Deshalb plädiere ich, der ich – die Einstiegsdroge bei Männern ist das Rasierwasser – diesen Parfümblödsinn zugegebenermaßen natürlich auch in der überwiegenden Zeit meines Lebens mitgemacht habe, für einen kollektiven Selbstversuch. Lassen wir doch einmal die zusätzlichen Nasengeschmacksverstärker – bei unserer Nahrung wollen wir doch auch wieder zum eigentlichen Geschmack der Produkte vordringen und kämpfen richtigerweise zumindest gegen egalisierende künstliche Würzmaßnahmen – weg. Trauen wir uns, nur sauber zu sein und ansonsten nach uns selbst zu riechen. Vielleicht steckt viel mehr hinter dieser eventuell sogar etwas einfältig klingen mögenden Idee. Was wäre zum Beispiel, wenn wir so unser Gegenüber wieder viel besser und authentischer wahrnähmen, seinem Wesen, seinem Kern wieder näherkämen. Hat unsere soziale Kälte, unsere zunehmende Unfähigkeit, direkt miteinander zu kommunizieren und uns vorallem zu verstehen, vielleicht auch mit dem undefinierbaren Geruchswirrwarr zu tun, der alles umgibt und uns nicht mehr richtig zusammenkommen läßt? Blühen die Partnersuchportale im Internet auch deshalb, weil sich eine wahre Erkenntnis über den anderen nicht mehr sinnlich, sondern, wenn überhaupt, nur noch über das Wort gewinnen läßt, weil das animalisch-olfaktorische Selbst bis zur Unkenntlichkeit zugekleistert ist, so daß über die Nase der persönliche Fingerabdruck nicht mehr wahrnehmbar ist? Wir wissen also wahrscheinlich gar nicht mehr genau, ob wir einander gut oder nicht riechen können. Die Wissenschaft sagt wohl, daß keine noch so große Duftwolke unseren Sensus für den eigentlichen Geruch des Anderen letztlich von seinem Funktionieren abhalten kann. Trotzdem wird immer eine Irritation und Verzögerung der Wahrnehmung die Folge sein, und selbst wenn das tatsächlich nicht so sein sollte, dann machte das Einsprühen mit duftenden Wässerchen noch weniger Sinn, weil es unser eigenes Odeur nicht an seiner Wirkung hindern kann, wir also bleiben, wer wir sind. Nach meiner Erinnerung hat Otto Waalkes in irgendeinem Zusammenhange sinngemäß den Blödel-Spruch kreiert: „Und da saß ich wieder ganz alleine im Bus, weil ich Paral genommen hatte.“.

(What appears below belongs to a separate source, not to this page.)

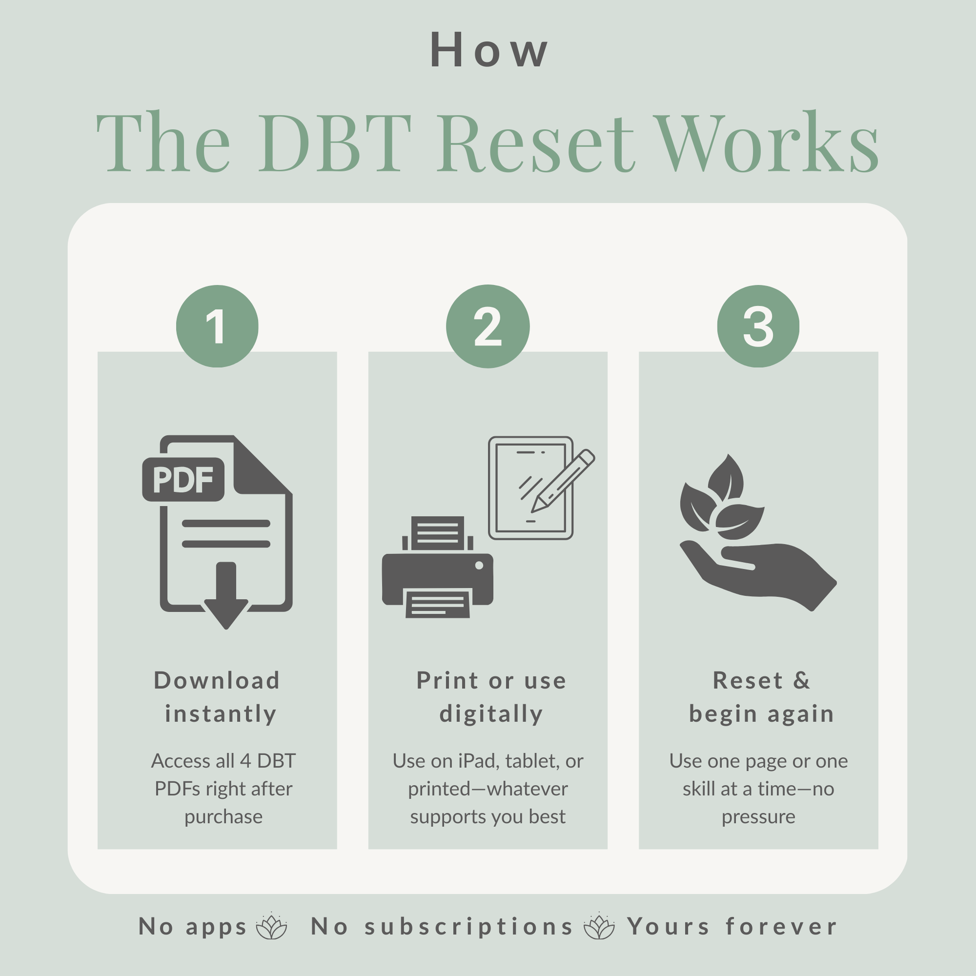 The DBT Reset Bundle is a gentle, practical toolkit designed to help you regulate emotions, manage overwhelm, and build healthier coping skills — without pressure or perfection.

Da hat der Komiker möglicherweise ein großes Wort gelassen ausgesprochen. Seit einiger Zeit bin ich übrigens bei dem von mir vorgeschlagenen Experiment selbst dabei, und bisher hatte ich zumindest nicht den Eindruck, deshalb gemieden zu werden oder meine Umwelt zu belästigen. Aber eine einseitige Demaskierung hilft nur den anderen. Haben wir also den Mut, zu uns zu stehen, vielleicht wissen wir dann wieder besser voneinander, wo und wie wir uns befinden.

Gute Nacht!

Ihr/Euer Wolf

P. S.: Was nimmt die AfD eigentlich für ein Parfüm, daß mit ihr selbst im Wahlkampf kaum einer etwas zu tun haben will? „œuf isolé“ by „Adolphe“?